WHAT IS NEEDED → Every entry below must be transcribed word for word, and the images must be left out.

::: EXERCISE INPUT :::

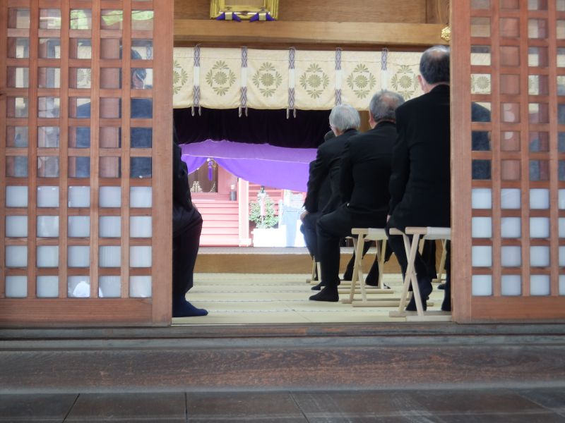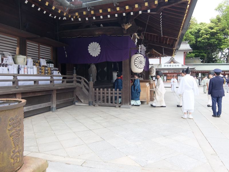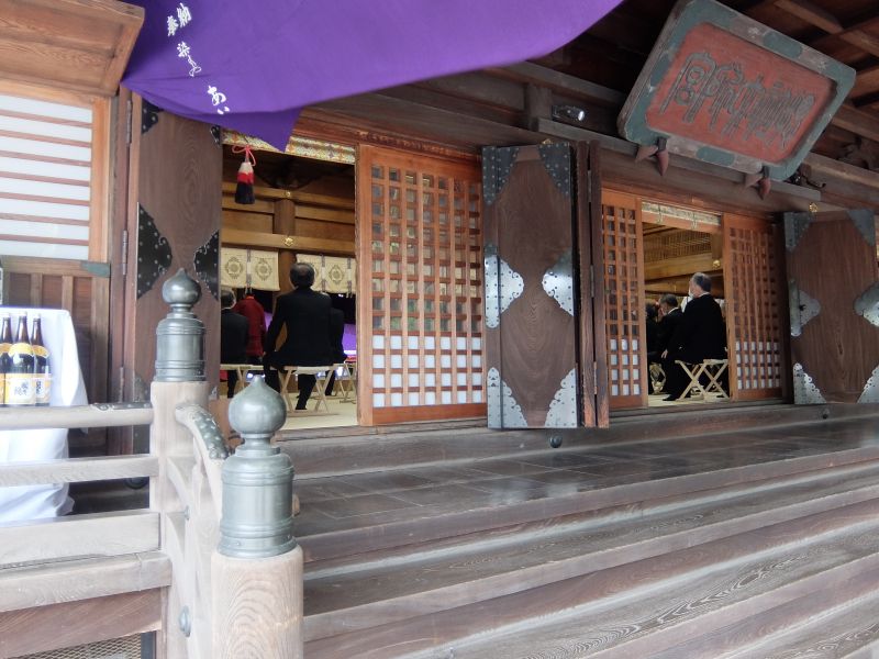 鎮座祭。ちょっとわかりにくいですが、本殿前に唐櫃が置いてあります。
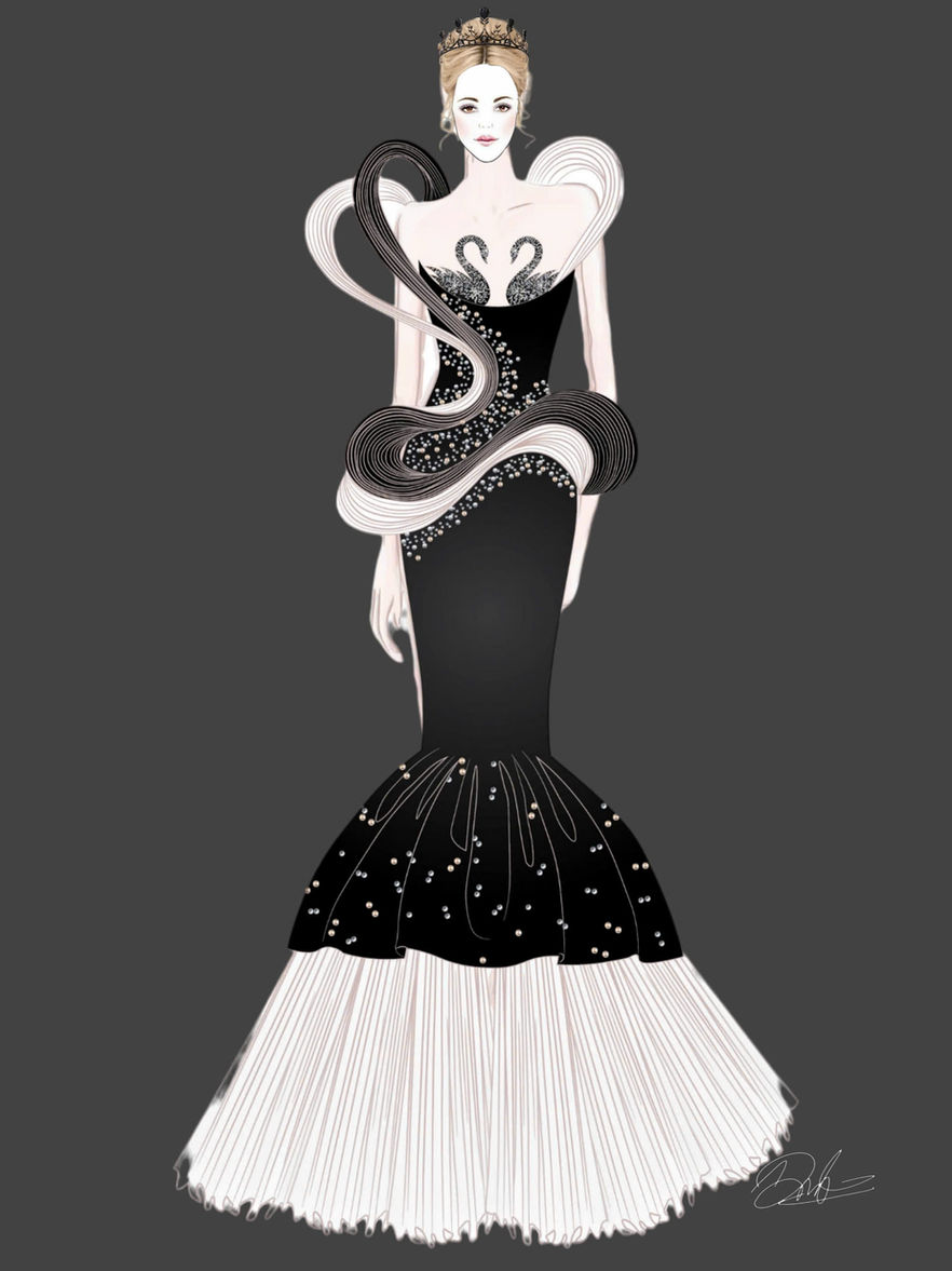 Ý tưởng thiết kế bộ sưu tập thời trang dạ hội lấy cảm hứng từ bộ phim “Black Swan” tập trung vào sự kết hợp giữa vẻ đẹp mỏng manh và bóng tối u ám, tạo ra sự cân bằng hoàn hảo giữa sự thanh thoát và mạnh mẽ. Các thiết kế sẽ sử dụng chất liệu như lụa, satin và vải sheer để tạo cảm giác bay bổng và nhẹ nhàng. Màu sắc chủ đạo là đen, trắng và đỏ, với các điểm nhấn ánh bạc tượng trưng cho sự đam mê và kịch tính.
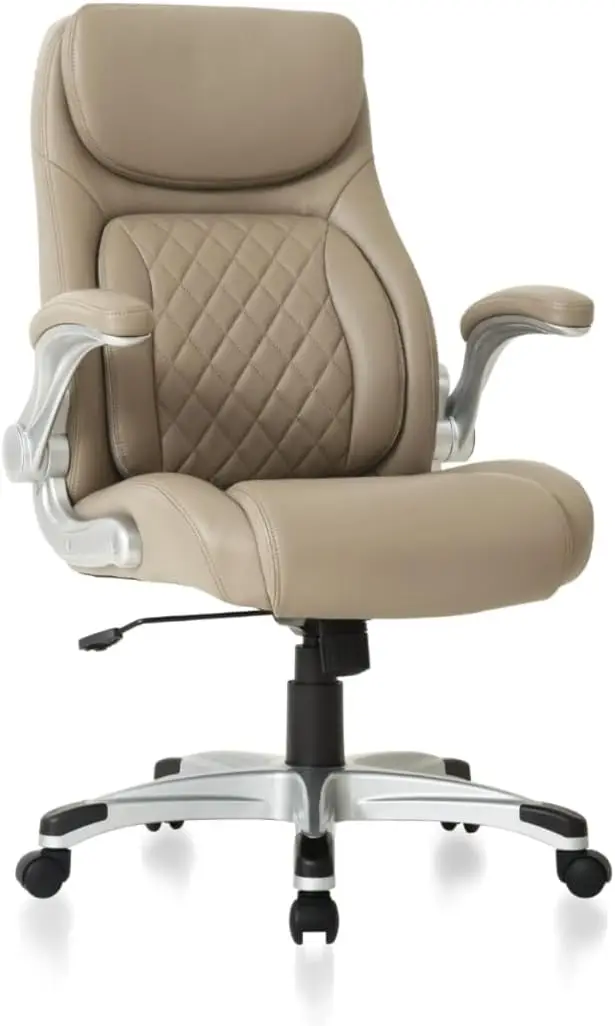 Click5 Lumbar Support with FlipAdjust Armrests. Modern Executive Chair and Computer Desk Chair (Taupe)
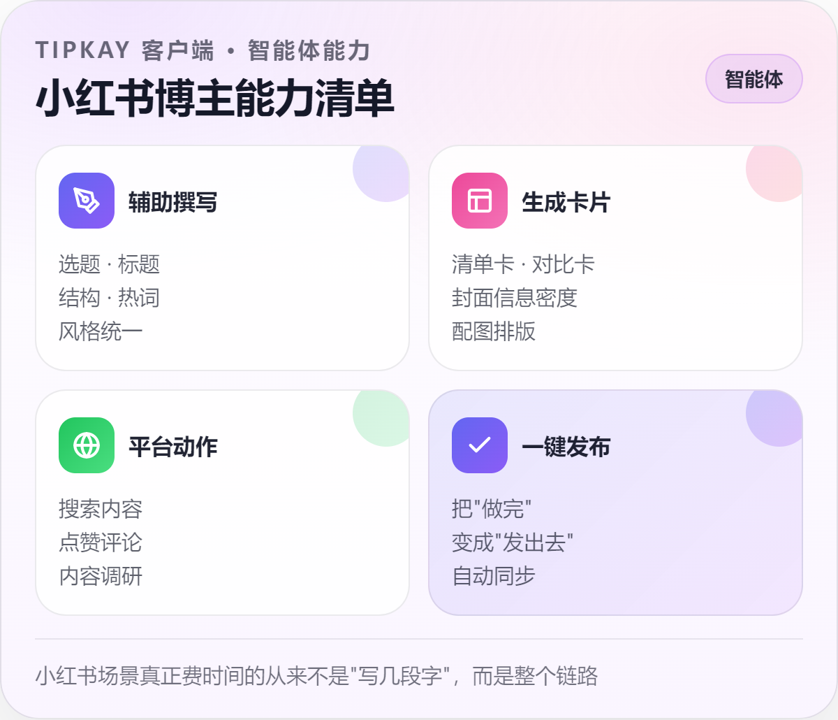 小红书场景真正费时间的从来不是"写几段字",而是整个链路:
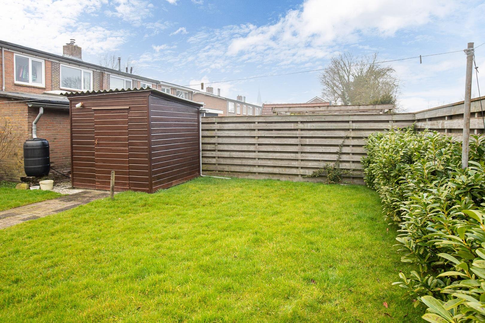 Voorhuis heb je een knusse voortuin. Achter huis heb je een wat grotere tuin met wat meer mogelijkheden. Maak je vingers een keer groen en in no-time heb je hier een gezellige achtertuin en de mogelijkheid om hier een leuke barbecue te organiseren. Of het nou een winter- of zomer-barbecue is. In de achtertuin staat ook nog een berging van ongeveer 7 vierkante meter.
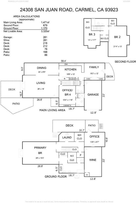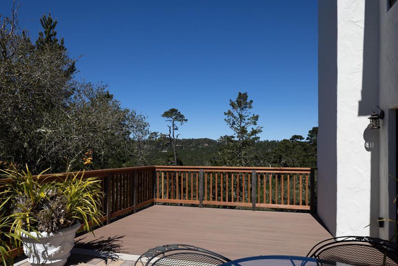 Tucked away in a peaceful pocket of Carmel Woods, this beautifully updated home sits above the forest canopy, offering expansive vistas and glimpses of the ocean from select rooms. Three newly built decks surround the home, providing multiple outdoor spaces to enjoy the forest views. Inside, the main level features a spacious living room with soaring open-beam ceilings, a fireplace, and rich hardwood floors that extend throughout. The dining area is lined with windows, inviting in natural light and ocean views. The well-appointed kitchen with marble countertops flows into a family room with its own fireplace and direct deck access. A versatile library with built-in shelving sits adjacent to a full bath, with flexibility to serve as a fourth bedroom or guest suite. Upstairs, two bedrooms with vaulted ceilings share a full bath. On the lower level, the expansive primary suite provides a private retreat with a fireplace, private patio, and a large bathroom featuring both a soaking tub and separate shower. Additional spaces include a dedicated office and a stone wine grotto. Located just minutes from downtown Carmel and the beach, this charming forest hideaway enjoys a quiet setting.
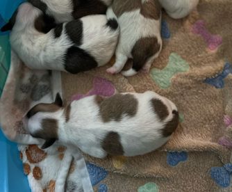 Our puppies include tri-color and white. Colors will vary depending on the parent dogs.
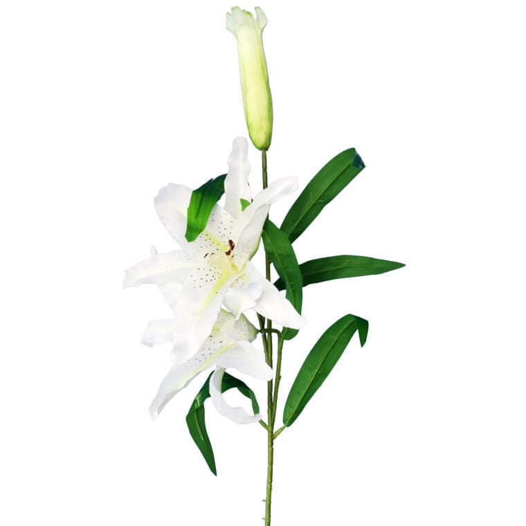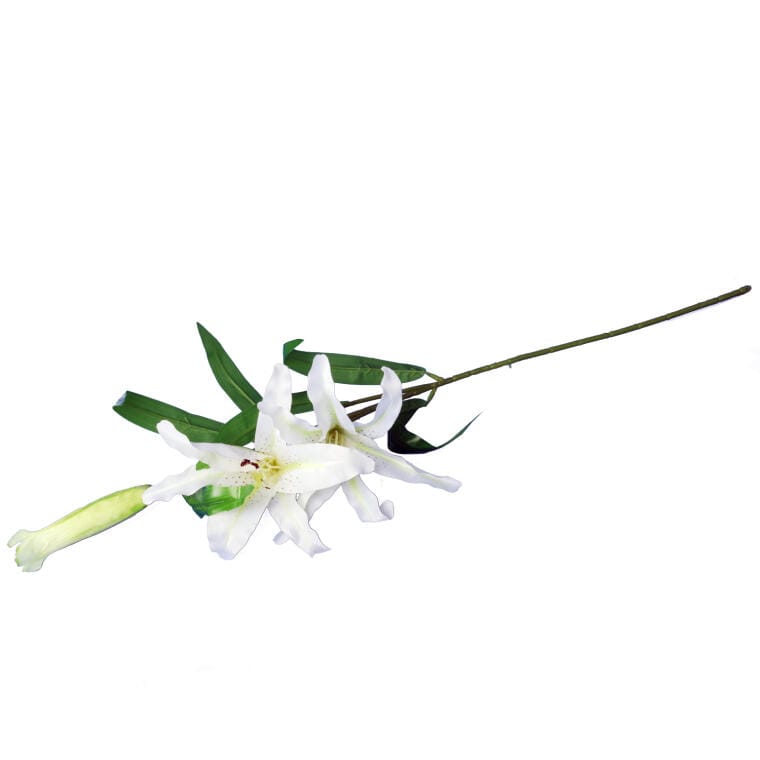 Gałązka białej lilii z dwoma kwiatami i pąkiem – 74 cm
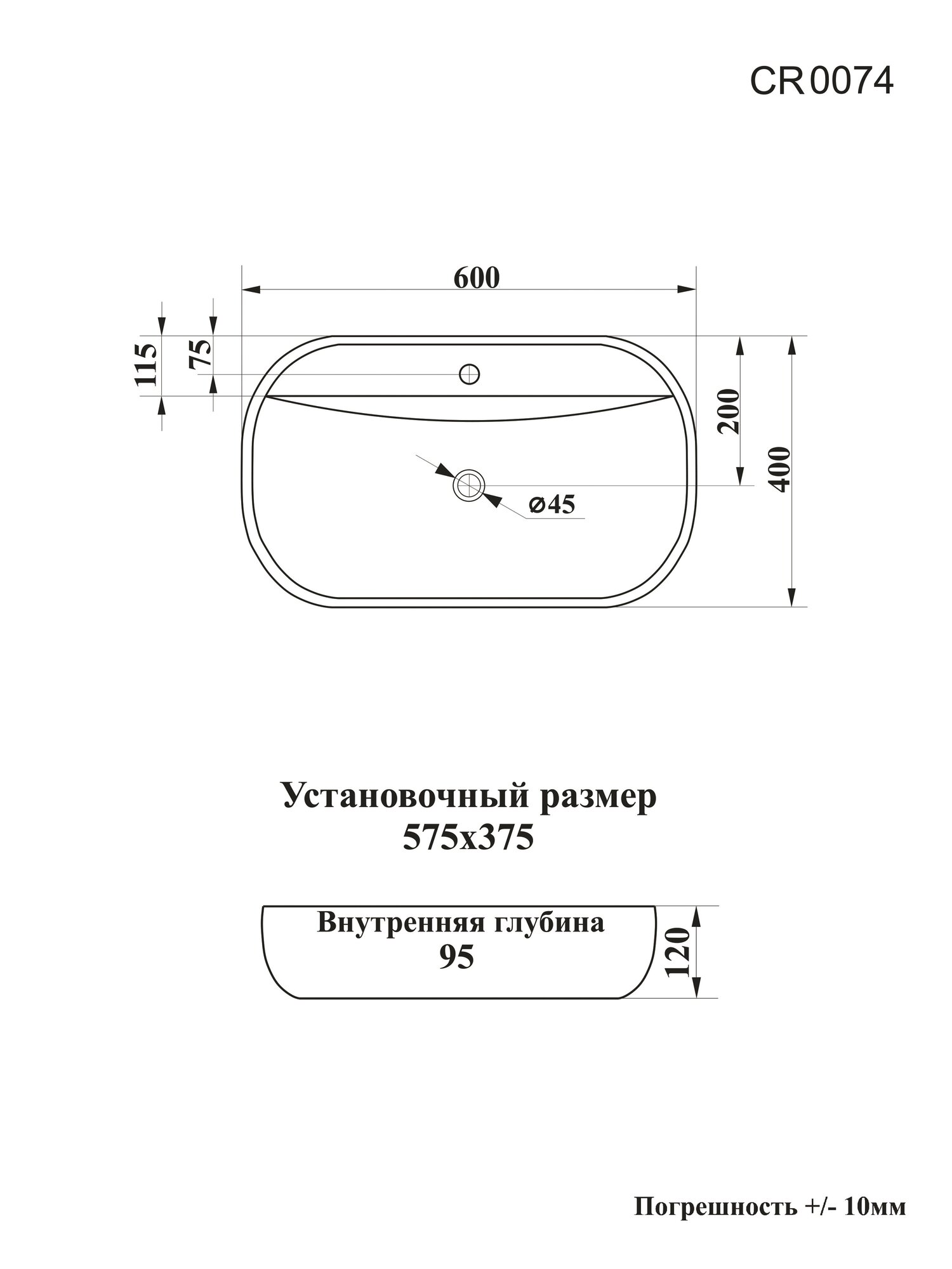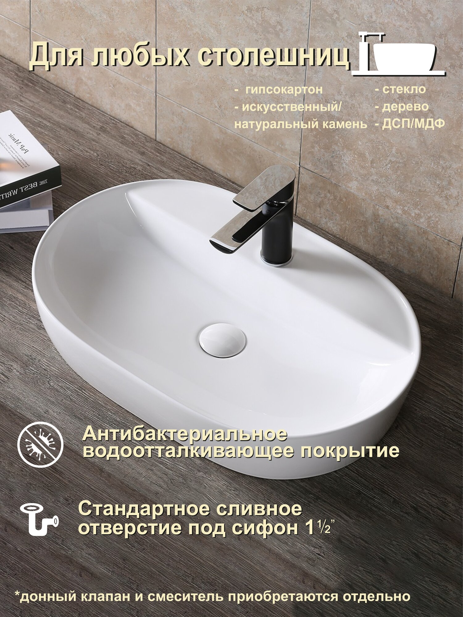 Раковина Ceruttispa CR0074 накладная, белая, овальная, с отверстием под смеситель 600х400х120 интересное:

:::

TASK RESPONSE →
 鎮座祭。ちょっとわかりにくいですが、本殿前に唐櫃が置いてあります。
 Ý tưởng thiết kế bộ sưu tập thời trang dạ hội lấy cảm hứng từ bộ phim “Black Swan” tập trung vào sự kết hợp giữa vẻ đẹp mỏng manh và bóng tối u ám, tạo ra sự cân bằng hoàn hảo giữa sự thanh thoát và mạnh mẽ. Các thiết kế sẽ sử dụng chất liệu như lụa, satin và vải sheer để tạo cảm giác bay bổng và nhẹ nhàng. Màu sắc chủ đạo là đen, trắng và đỏ, với các điểm nhấn ánh bạc tượng trưng cho sự đam mê và kịch tính.
 Click5 Lumbar Support with FlipAdjust Armrests. Modern Executive Chair and Computer Desk Chair (Taupe)
 小红书场景真正费时间的从来不是"写几段字",而是整个链路:
 Voorhuis heb je een knusse voortuin. Achter huis heb je een wat grotere tuin met wat meer mogelijkheden. Maak je vingers een keer groen en in no-time heb je hier een gezellige achtertuin en de mogelijkheid om hier een leuke barbecue te organiseren. Of het nou een winter- of zomer-barbecue is. In de achtertuin staat ook nog een berging van ongeveer 7 vierkante meter.
 Tucked away in a peaceful pocket of Carmel Woods, this beautifully updated home sits above the forest canopy, offering expansive vistas and glimpses of the ocean from select rooms. Three newly built decks surround the home, providing multiple outdoor spaces to enjoy the forest views. Inside, the main level features a spacious living room with soaring open-beam ceilings, a fireplace, and rich hardwood floors that extend throughout. The dining area is lined with windows, inviting in natural light and ocean views. The well-appointed kitchen with marble countertops flows into a family room with its own fireplace and direct deck access. A versatile library with built-in shelving sits adjacent to a full bath, with flexibility to serve as a fourth bedroom or guest suite. Upstairs, two bedrooms with vaulted ceilings share a full bath. On the lower level, the expansive primary suite provides a private retreat with a fireplace, private patio, and a large bathroom featuring both a soaking tub and separate shower. Additional spaces include a dedicated office and a stone wine grotto. Located just minutes from downtown Carmel and the beach, this charming forest hideaway enjoys a quiet setting.
 Our puppies include tri-color and white. Colors will vary depending on the parent dogs.
 Gałązka białej lilii z dwoma kwiatami i pąkiem – 74 cm
 Раковина Ceruttispa CR0074 накладная, белая, овальная, с отверстием под смеситель 600х400х120 интересное:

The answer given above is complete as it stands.